About this task
Retype, without changes or pictures, only the lines that begin at the one containing "Forgó Kád Csaptelep" and end at the last line of the records that follow.

Records provided
- - - - -
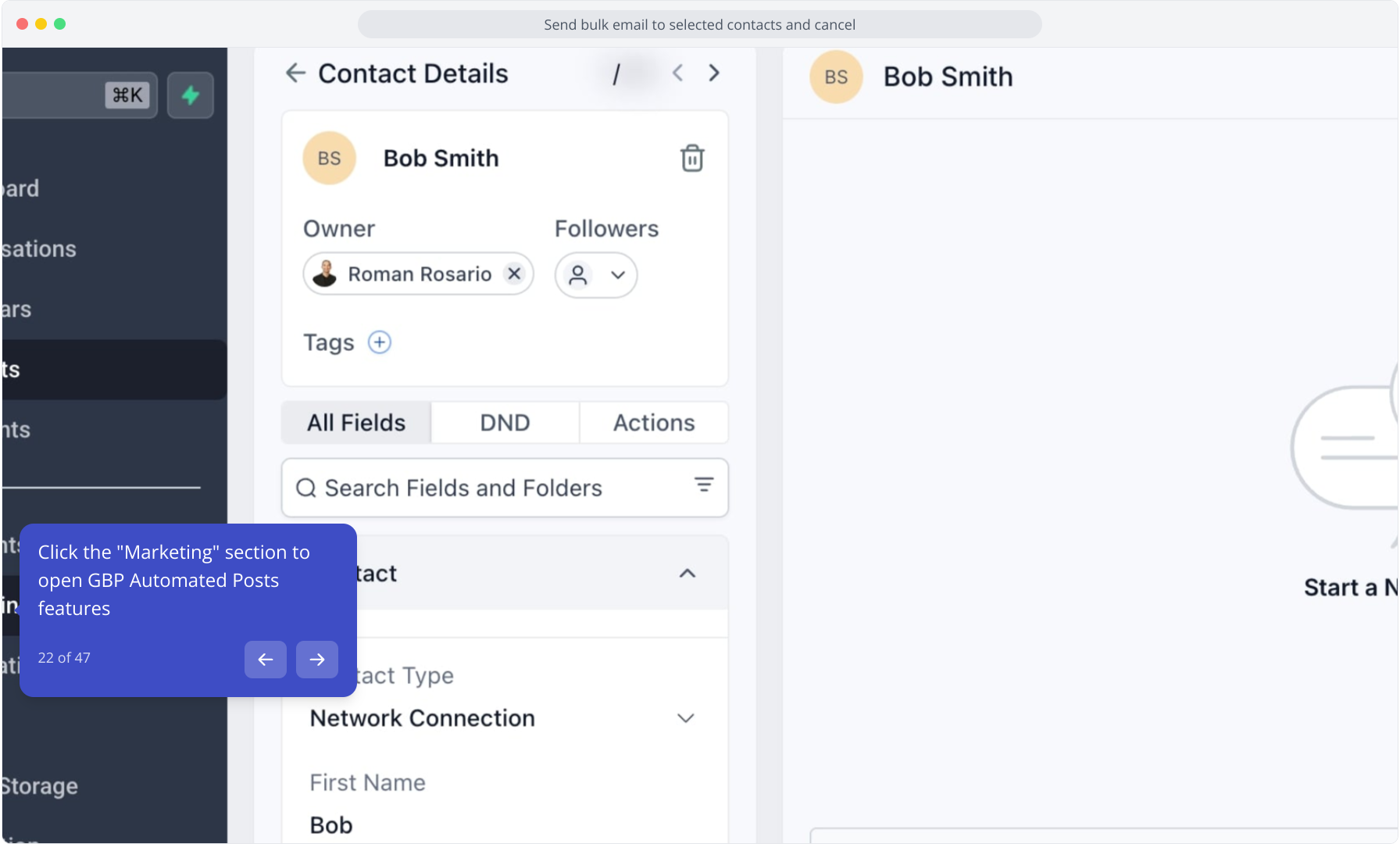 22. Click the "Marketing" section to open GBP Automated Posts features
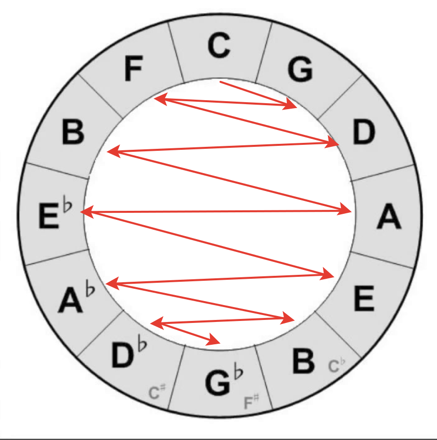 Не сложно заметить, что эти тональности мы можем найти в квинтовом круге. По сути, здесь идет движение по квинтам в разные стороны. Сравните:
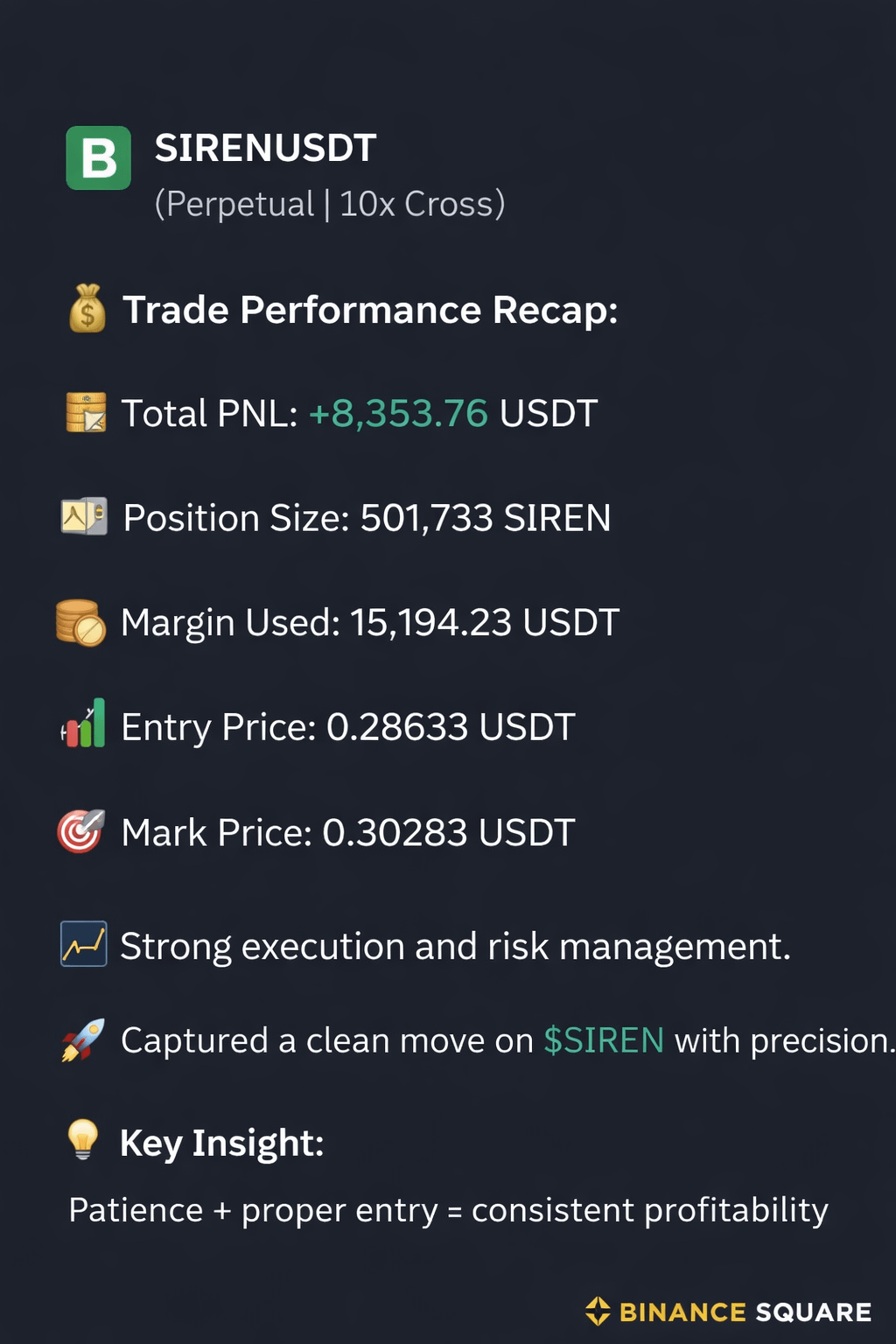 Turned a solid $8,000 profit on $SIREN today 📈🔥
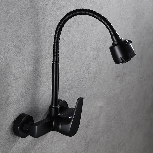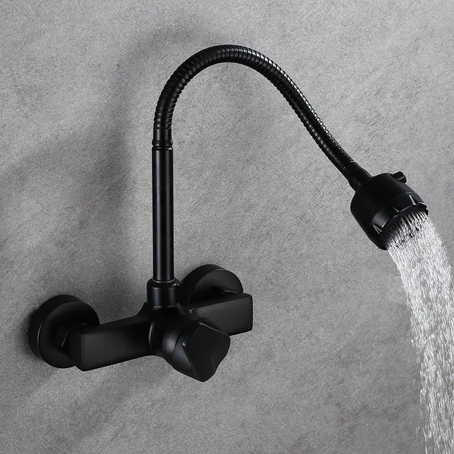 Forgó Kád Csaptelep Falra Konyhai Csap Sárgaréz Anyag Fekete Kézmosó Keverő csap
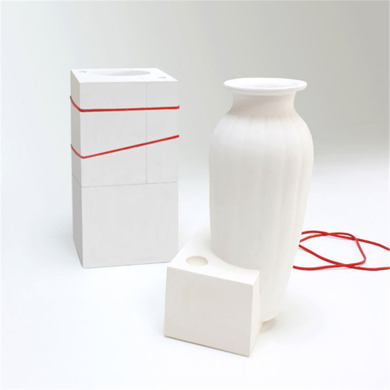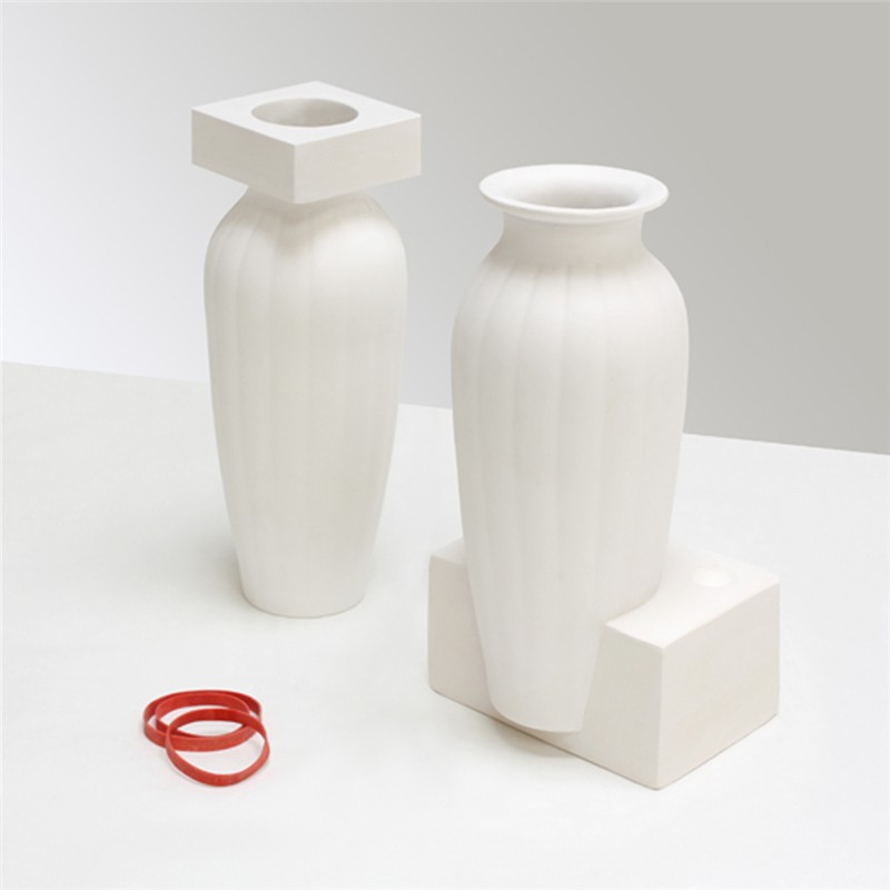 石膏注漿成型的模具通常在使用后就被丟棄。這些白色優(yōu)美剛?cè)岵?jì)的花瓶從模具中來(lái)并表達(dá)出通常不為人們所見的模具之美。
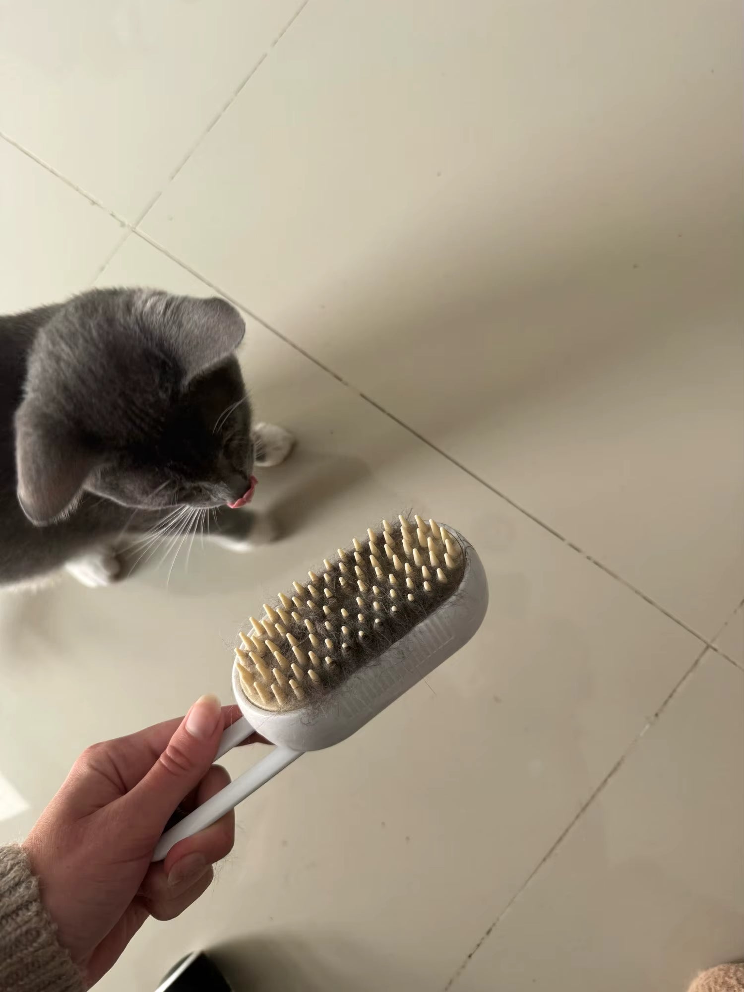 Nasza szczotka bardzo ładnie zbiera sierść i zwierzaki to kochają bo jest bardzo delikatna i przyjemna
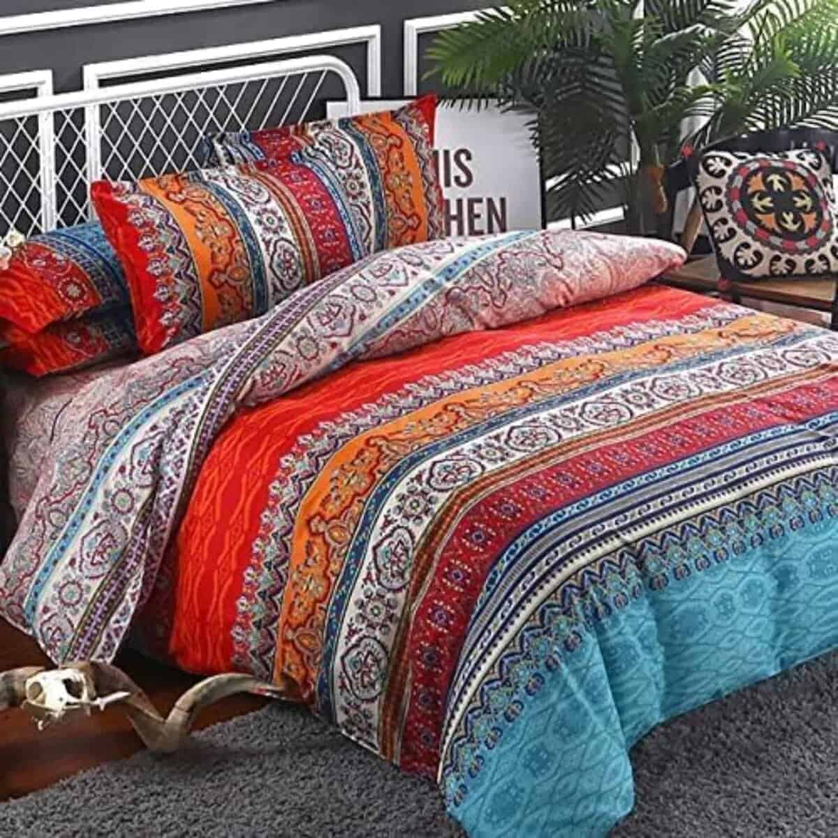 Juego de edredón Goodidea a rayas bohemio tamaño King 3
- - - - -
Reply to the task
 Forgó Kád Csaptelep Falra Konyhai Csap Sárgaréz Anyag Fekete Kézmosó Keverő csap
 石膏注漿成型的模具通常在使用后就被丟棄。這些白色優(yōu)美剛?cè)岵?jì)的花瓶從模具中來(lái)并表達(dá)出通常不為人們所見的模具之美。
 Nasza szczotka bardzo ładnie zbiera sierść i zwierzaki to kochają bo jest bardzo delikatna i przyjemna
 Juego de edredón Goodidea a rayas bohemio tamaño King 3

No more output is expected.